Confronted with a novel, aggressive coronavirus, Germany implemented measures to reduce its spread since March 2020. Requiring people to wear face masks in public places has, however, been a subject of controversy and isolating the effect of mask-wearing on the spread of COVID-19 is not simple. This column looks at the town of Jena and other German regions that introduced face masks before the rest of the country to see whether the requirement makes a difference in the number of new COVID-19 cases.

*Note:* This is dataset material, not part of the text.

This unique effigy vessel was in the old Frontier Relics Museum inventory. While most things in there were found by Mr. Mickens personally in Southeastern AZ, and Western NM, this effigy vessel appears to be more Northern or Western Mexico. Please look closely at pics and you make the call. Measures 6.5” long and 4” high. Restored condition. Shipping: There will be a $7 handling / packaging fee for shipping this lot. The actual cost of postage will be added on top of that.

On a global scale, the extent of COVID-related lockdowns is massive, and their socio-economic impact is expected to be far-reaching (Barba Navaretti et al. 2020, McKibbin and Fernando 2020). When it comes to the estimated effects of containment measures, timing seems to matter (Deb et al. 2020). 

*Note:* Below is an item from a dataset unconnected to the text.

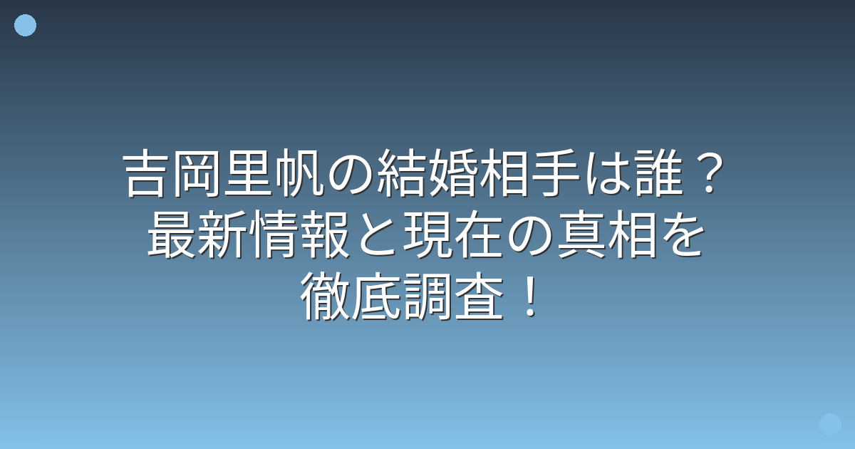 2025年1月現在、吉岡里帆さんは結婚されておらず、結婚相手となる方も存在していないことが分かりました。

In Germany, significant actions to reduce the spread of the virus have been taken from mid-March onwards (Hartl et al. 2020). However, the obligation to wear face masks in public has been the subject of controversy and was introduced only relatively late throughout Germany (around 27 April 2020). 

At present, virologists are collecting more and more clinical evidence that face masks catch infectious particles produced from speaking, coughing, or sneezing, which may reduce the risk of infecting another person (Prather et al. 2020). Proper wearing of a face mask could thus help to reduce the spread of COVID-19 and protect risk groups from infections in a cheap and simple way.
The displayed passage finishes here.